ANOVA analyses revealed that profiles significantly differed in YMRS and BPRS total score as well as UPSA-B total score. Trend-level differences were also observed on education and parental education level. The UPSA-B total score was driven by significant differences in Communication subscore. Post hoc tests further demonstrated significant differences between High and Moderate profiles for YMRS score (P = .005), High and Moderate (P = .012) and High and Low (P = .037) profiles for BPRS score, and High and Moderate for UPSA-B Total score (P = .001) and Communication subscore (P = .004). No differences were observed between profiles on any medication-related measure.

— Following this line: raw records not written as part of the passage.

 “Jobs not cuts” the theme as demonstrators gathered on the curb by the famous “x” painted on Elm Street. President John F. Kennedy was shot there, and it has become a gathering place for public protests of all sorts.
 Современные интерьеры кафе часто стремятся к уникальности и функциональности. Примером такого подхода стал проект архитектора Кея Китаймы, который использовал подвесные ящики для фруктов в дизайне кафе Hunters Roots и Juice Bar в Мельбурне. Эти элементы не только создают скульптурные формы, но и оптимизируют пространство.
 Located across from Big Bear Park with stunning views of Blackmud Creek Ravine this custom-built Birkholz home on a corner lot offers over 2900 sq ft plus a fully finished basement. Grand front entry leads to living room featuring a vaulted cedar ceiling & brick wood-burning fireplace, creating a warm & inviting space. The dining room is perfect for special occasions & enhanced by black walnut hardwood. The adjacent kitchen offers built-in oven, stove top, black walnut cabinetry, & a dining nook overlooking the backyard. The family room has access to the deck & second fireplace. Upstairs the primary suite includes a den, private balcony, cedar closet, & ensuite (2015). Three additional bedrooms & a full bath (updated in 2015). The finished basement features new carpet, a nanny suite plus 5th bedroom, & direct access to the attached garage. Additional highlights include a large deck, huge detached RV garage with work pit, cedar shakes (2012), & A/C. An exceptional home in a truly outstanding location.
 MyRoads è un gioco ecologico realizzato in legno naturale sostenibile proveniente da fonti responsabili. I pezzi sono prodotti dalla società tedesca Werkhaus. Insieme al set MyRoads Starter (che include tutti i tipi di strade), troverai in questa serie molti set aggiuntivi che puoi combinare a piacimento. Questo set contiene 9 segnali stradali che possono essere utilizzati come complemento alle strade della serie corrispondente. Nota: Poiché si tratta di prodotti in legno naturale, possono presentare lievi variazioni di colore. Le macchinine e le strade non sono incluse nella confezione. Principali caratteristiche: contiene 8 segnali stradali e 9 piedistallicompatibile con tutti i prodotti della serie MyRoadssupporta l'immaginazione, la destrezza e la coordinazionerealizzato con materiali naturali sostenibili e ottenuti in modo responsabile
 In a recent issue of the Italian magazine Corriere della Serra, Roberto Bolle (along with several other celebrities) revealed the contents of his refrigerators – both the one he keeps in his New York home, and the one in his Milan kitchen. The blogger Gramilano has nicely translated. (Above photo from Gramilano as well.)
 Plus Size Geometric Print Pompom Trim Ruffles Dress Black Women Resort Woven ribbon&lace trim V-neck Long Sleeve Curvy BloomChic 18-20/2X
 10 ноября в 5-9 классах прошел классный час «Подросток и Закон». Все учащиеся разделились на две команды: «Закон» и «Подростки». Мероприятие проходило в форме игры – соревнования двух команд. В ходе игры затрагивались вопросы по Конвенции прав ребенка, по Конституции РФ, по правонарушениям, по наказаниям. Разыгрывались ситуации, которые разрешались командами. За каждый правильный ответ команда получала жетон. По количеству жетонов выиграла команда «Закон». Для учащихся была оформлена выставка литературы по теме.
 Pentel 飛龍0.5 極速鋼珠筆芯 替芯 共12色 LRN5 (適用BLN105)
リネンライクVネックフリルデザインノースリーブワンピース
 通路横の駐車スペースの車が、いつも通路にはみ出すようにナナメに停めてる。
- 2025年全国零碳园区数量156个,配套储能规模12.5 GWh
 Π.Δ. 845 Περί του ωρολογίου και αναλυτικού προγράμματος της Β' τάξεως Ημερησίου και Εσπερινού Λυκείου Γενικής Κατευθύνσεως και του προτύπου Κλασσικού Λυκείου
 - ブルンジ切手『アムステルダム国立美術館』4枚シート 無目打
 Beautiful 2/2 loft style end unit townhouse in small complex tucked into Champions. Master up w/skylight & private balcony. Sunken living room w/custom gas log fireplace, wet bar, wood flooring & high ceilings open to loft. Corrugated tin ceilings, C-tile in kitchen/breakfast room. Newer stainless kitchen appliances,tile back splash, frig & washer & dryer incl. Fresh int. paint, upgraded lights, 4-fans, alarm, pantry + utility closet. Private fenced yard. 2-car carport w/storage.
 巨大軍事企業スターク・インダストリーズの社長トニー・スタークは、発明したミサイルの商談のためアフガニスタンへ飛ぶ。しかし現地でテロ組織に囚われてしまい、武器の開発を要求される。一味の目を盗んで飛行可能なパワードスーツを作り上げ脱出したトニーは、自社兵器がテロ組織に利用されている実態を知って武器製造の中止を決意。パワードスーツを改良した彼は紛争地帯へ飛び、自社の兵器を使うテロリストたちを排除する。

As the observed latent profile pattern was dimensional across domains, we hypothesized that symptom severity would increase as profile varied from High to Low ability. Consistent with our hypothesis, linear contrasts demonstrated the BPRS difference mirrored profile dimensions (table 4, “Linear Contrast” column). Linear contrasts were not significant for any other measure.

Although no difference was observed in the ratio of BD/SZ/SZ-A patients between profiles, only one patient with BD was included in the Low ability profile, and the overall proportion of BD patients decreased as a function of ability. It was conceivable, therefore, that profiles varied clinically due in part to differences in symptom severity between DSM-based diagnostic groups (table 1). To test this possibility, measures that showed significant differences in the first set of tests were used as dependent variables in an ANCOVA analysis with profile and diagnosis as fixed factors. Main effects of profile remained significant after this adjustment for all behavioral and clinical measures (table 4, last column).

An exploratory analysis was also conducted to determine if differences between profiles on each task persisted after accounting for educational attainment potential (ie, parental education years). Using ANCOVA with profile as a fixed factor and parental education years as a continuous covariate, main effects of profile remained highly significant (P < .001) for all 3 measures.

Discussion

The present study used LPA across 3 distinct cognitive domains (cognitive control, episodic memory, and visual integration) to identify distinct profiles across psychotic disorders. The optimal solution was composed of 3 profiles: A “High” ability profile that consisted of patients with high performance (mostly indistinct from HC levels) on all 3 tasks, a “Moderate” ability profile that consisted of patients with moderate performance, and a “Low” ability profile that consisted of patients with low performance. As a comparison of these profiles suggested a dimensional structure across all 3 domains, a continuous, single-factor solution using CFA was estimated. BIC values suggested fit was nearly identical for the single-factor solution compared to the 3-profile solution suggesting an underlying one-dimensional structure across all cognitive variables. Examining diagnostic ratios between profiles, no significant differences were observed in the ratio of BD/SZ/SZ-A patients or Schizo-Bipolar Scale scores between profiles, suggesting that having a prevalence of BD or SZ-like symptoms did not determine profile membership (other than the “Low” ability profile which had only one BD patient) and that deficits in the 3 domains examined were not specific to one disorder. Profile differences in performance remained significant after adjusting for parental education. BPRS symptom severity and deficits in everyday communication skills varied inversely with increasing performance independent of diagnosis. Overall, these results suggest that cognitive deficits in psychosis tested across disparate domains may be characterized as a single continuum of ability (ranging from poor to near-normal) that also correlates with symptom severity.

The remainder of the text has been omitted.